Activity: When you set down the entries, keep every word exactly as it is but drop the pictures.

Given records:

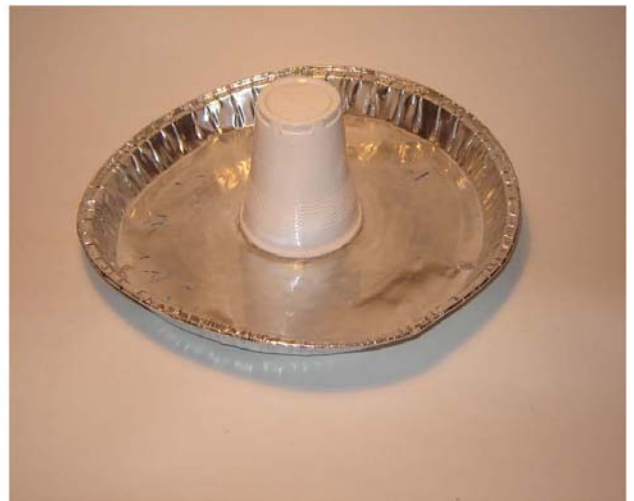
Electróforo de Volta
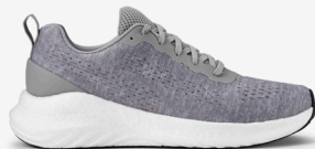
120 GREY MELANGE
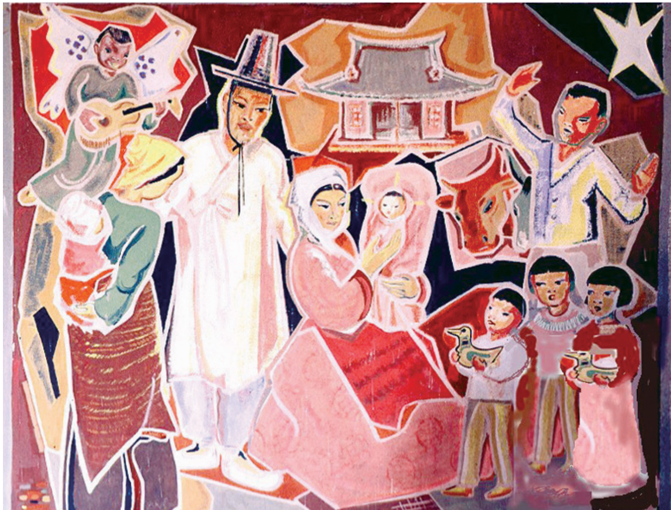
한국판 아기예수의 탄생(앙드레 부통 신부 작, 옥산성당)

우리는 동방에서 그분의 별을 보고 그분께 경배하러 왔습니다.(마태 2,2)
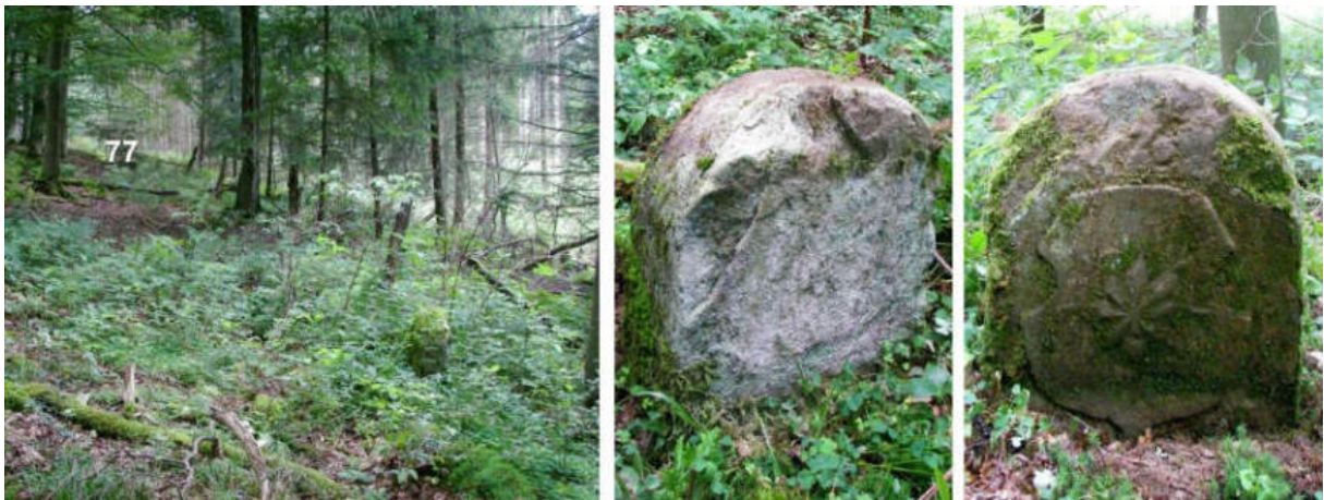
Abb. 98: Grenzstein Nr. 76 (1739) – Standort (von O), Seitenansichten

Die hessische Seite des tief in den Boden gesunkenen Grenzsteins Nr. 76 (1739) ist ganzflächig abgespalten. Ein gleiches Schicksal droht dem 110 m westlich zu findenden Folgestein Nr. 77 (1739).
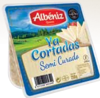
Wedge of semimatured blended cheese "Ya cortadas" 250g / Cuña de queso semicurado "Ya cortadas" 250 g.

CODE / CÓDIGO: 61C2C EAN 13: 8427298005333 Units per case: / Unidad por caja: 12
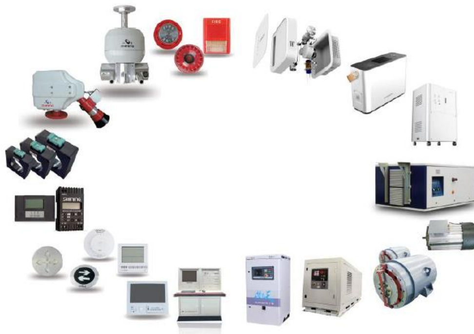
电力电子装备示意图

电力电子板块由消防报警设备、制氧设备业务组成，其中消防报警设备是该板块核心业务。消防报警设备依托于全资子公司山鹰报警，主要产品有火灾报警控制系统、智能应急照明和疏散指示系统、防火门监控系统、电气火灾监控系统、消防设备电源监控系统、图像型火灾探测系统、自动跟踪定位射流灭火系统、家用火灾报警系统、可燃气体报警系统等16个系类366种型号,并提供典型行业应用解决方案。制氧设备作为医疗板块重要协同，可应用于移动医疗车辆和大空间供氧，配合公司医疗板块战略布局。
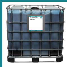
Contenedor tipo bolsa de 270 galones (1022 l) SKU: SOL-270G UPC-12: 641238034216

Es posible que se haya utilizado DeepL para traducir parte de esta hoja de datos. Si observa algún error, por favor, háganoslo saber: webmaster4mfs@gmail.com
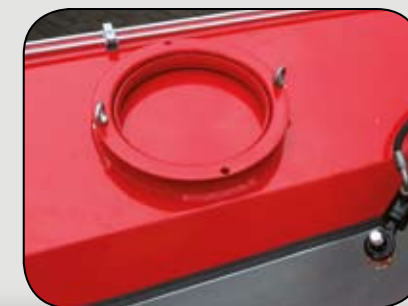
Kugeldrehkranz zum Schwenken (Ø 300 / 400 mm)
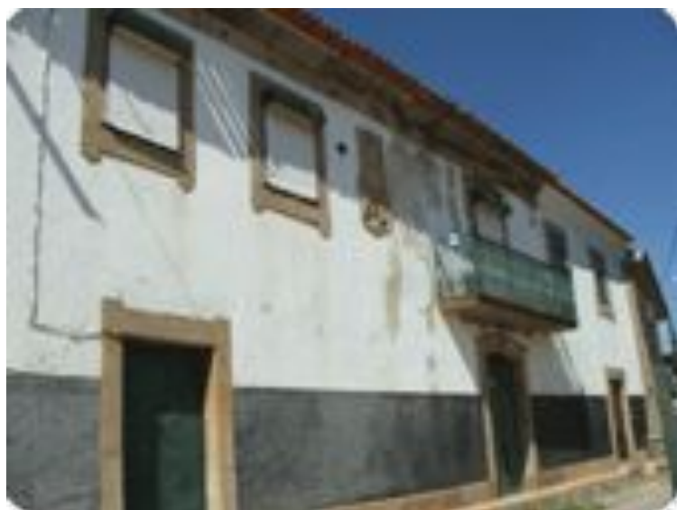
Casa dos Cardosos na Rua Direita de Santa Maria de Émeres
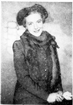
Henry Porten wieder im Film Eine Darstellerin, die die Zeit nicht anhaben konnte - so begegnet uns Henry Porten jetzt in dem neuen Film 'War es der in freien Stock?'

Result of the task:
Electróforo de Volta
120 GREY MELANGE
한국판 아기예수의 탄생(앙드레 부통 신부 작, 옥산성당)

우리는 동방에서 그분의 별을 보고 그분께 경배하러 왔습니다.(마태 2,2)
Abb. 98: Grenzstein Nr. 76 (1739) – Standort (von O), Seitenansichten

Die hessische Seite des tief in den Boden gesunkenen Grenzsteins Nr. 76 (1739) ist ganzflächig abgespalten. Ein gleiches Schicksal droht dem 110 m westlich zu findenden Folgestein Nr. 77 (1739).
Wedge of semimatured blended cheese "Ya cortadas" 250g / Cuña de queso semicurado "Ya cortadas" 250 g.

CODE / CÓDIGO: 61C2C EAN 13: 8427298005333 Units per case: / Unidad por caja: 12
电力电子装备示意图

电力电子板块由消防报警设备、制氧设备业务组成，其中消防报警设备是该板块核心业务。消防报警设备依托于全资子公司山鹰报警，主要产品有火灾报警控制系统、智能应急照明和疏散指示系统、防火门监控系统、电气火灾监控系统、消防设备电源监控系统、图像型火灾探测系统、自动跟踪定位射流灭火系统、家用火灾报警系统、可燃气体报警系统等16个系类366种型号,并提供典型行业应用解决方案。制氧设备作为医疗板块重要协同，可应用于移动医疗车辆和大空间供氧，配合公司医疗板块战略布局。
Contenedor tipo bolsa de 270 galones (1022 l) SKU: SOL-270G UPC-12: 641238034216

Es posible que se haya utilizado DeepL para traducir parte de esta hoja de datos. Si observa algún error, por favor, háganoslo saber: webmaster4mfs@gmail.com
Kugeldrehkranz zum Schwenken (Ø 300 / 400 mm)
Casa dos Cardosos na Rua Direita de Santa Maria de Émeres
Henry Porten wieder im Film Eine Darstellerin, die die Zeit nicht anhaben konnte - so begegnet uns Henry Porten jetzt in dem neuen Film 'War es der in freien Stock?'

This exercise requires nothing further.